Drywall is acceptible in a dry area simply because it's dimensionally stable, and in a dry area repeated wetting won't be an issue.


----------



## angus242 (May 1, 2008)

You can tile over the drywall without issue....as long as it's not some kind of heavy stone.
However, I wouldn't use drywall compound as a base. Drywall compound emulsifies when wet. If you need to repair a few sections, that's OK but don't skim the entire area. If you have to retape the seams, that's OK too. Just use one coat of compound for the tape. I don't see any benefit to priming the walls first. Use a modified thinset for the tile. While mastic is technically acceptable, for 4' of tile just use a typically portland cement modified thinset that you mix yourself. It will be cheaper and hold better. Trowel the thinset on the walls in a horizontal pattern. This will help keep the tiles from wanting to slip down. Think of it like tile holding on a pole (vertical) :no: or hold to a beam (horizontal) :yes:


----------



## ponch37300 (Nov 27, 2007)

Thanks for the replies. The walls were primed before the wall paper so after removing it I'm left with primed drywall in most areas. After reading the responses I will be using modified thinset. Is there any problems with going over the primed walls? Should I rough them up at all? Thanks again.


----------



## angus242 (May 1, 2008)

ponch37300 said:


> Is there any problems with going over the primed walls? Should I rough them up at all? Thanks again.


No problems going over the primer. I was just saying no need to add it if it wasn't there already. I successfully tile (back splashes) over painted walls often.


----------



## ponch37300 (Nov 27, 2007)

Thanks Angus.


----------



## mpj111 (Apr 29, 2008)

In replying to your question, i would like to add my question too.
I am going to tile My new bathroom, . Dry (green jib) walls done and need to tile.

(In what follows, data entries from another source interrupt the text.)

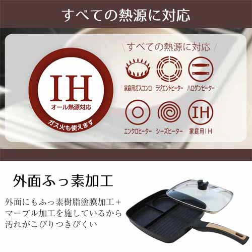 IH対応・ガス火対応で使い勝手もバツグン。焦げ付きにくいマーブルダイヤモンドコーティングで、油が少量でもきれいに仕上がります。耐摩耗性試験を100万回クリアした耐久性が圧巻で、約980gの軽量設計。ガラス蓋も付いてお得なセットです。
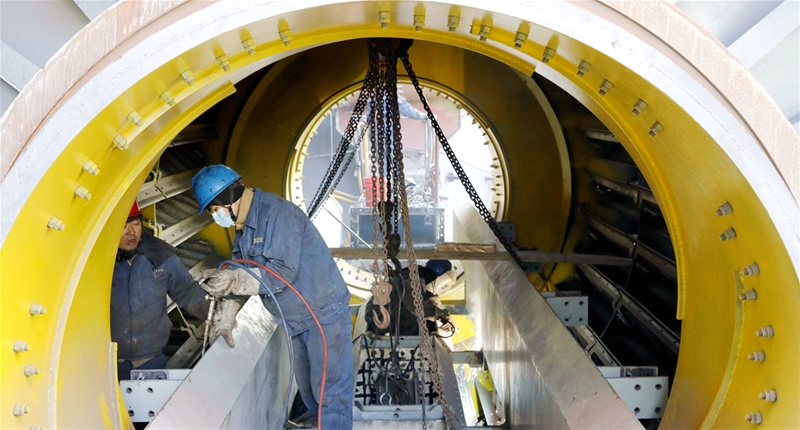 “我用鐵錘敲打,你用扳手使勁。”“師傅,搭把手!一二,一起用力……”在他們的齊心協(xié)力配合下,一顆顆螺栓掉落在地的聲音猶如天籟之音。他們合力拆卸、吊運、更換,各司其職,團結協(xié)助此刻在這里得到了充分體現(xiàn)。
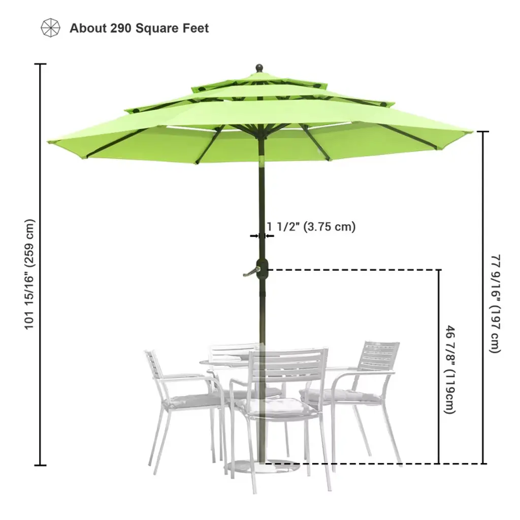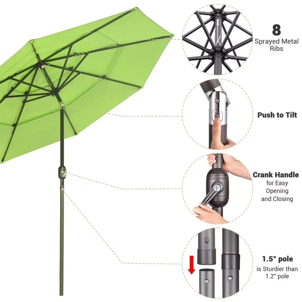 Features:- Great Ventilation &; Stylish Appearance - 10 ft 3 Tier Patio Umbrella, 3 layers for great ventilation, keeps air flowing to offer better stability; Unique layered umbrella shows leisure style, to enjoy your 3rd space leisure time with outdoor view on every sunny day - UV &; Fade Resistant Canopy - 220g yarn-dyed fabric features UV70+ to effectively block more than 90% of UV light, offers protection up to 2 years; Color fastness is up to US standard level 4 for keeping original beauty for a long time; PU coating for water resistance, durable for years - Durable &; Stable Construction - Rust-free iron pole and rust-resistant 8 sprayed metal ribs, enhanced wind resistance,resisting corrosion for great durability; - Crank &; Tilt Button for Easy Operation - Crank handle for opening and closing the umbrella easily; Push button on the pole for tilting umbrella to shade you from different angle sunlight- Wide Use - Can cover 38" to 48" round table or square table that is up to 48" long, perfect for offering shade at your patio, garden, backyard and pool, also great for café, market, villa, hotel, resort and so onSpecifications:- Overall Dimension(Dia.xH): 114 3/4" x 97 5/8" (291.5 x 248 cm) - Long Rib Size(LxWxH): 57 7/8" x 11/16" x 1/2" (147 x 1.8 x 1.2 cm) - Short Rib Size(LxWxH): 19 11/16" x 11/16" x 1/2" (50 x 1.8 x 1.2 cm) - Shading Coverage: About 289.5 Square Feet - Bare Umbrella Pole Length After Closing: 40 9/16" (103 cm) - Net Weight: 15.4 Lbs (7 kg)Package Contents:- 1x Umbrella Frame &; Canopy - 1x Pole - 1x Top Finial - 1x Strap - 1x ManualNotice: - This umbrella will perfectly fit our umbrella replacement cover model YES0344 and Our umbrella also applicable to our stand: YES0360,YES0363,YES0364,YES0362,YES0515,YES0516, , any inquiry is welcome.

Do I need to paint with water proofing paint. I shopped around and water proofing paints are available . If i do water proofing paint, will it give good adhesive to my tile and glue or make it weak in the long run

I have shower cubical and no water get in to the wall. But I belive moisture deposits on the wall.
Like to here your advice.


----------



## angus242 (May 1, 2008)

mpj111 said:


> In replying to your question, i would like to add my question too.
> I am going to tile My new bathroom, . Dry (green jib) walls done and need to tile. Do I need to paint with water proofing paint. I shopped around and water proofing paints are available . If i do water proofing paint, will it give good adhesive to my tile and glue or make it weak in the long run
> 
> I have shower cubical and no water get in to the wall. But I belive moisture deposits on the wall.
> Like to here your advice.



You do not have to use waterproof paint. While grout is not waterproof, your concern would only be valid in an actual wet location, like the shower itself. 
Steam likes to rise in a bathroom so make sure you had adequate ventilation and you won't have a problem with excessive moisture.
As for the wallboard, if you have a lot of drywall compound in the area(s) you're going to tile, use a primer made for sealing fresh drywall. If there's minimum compound, you can tile right over it. 

That is, of course, as long as you're NOT using natural stone.


----------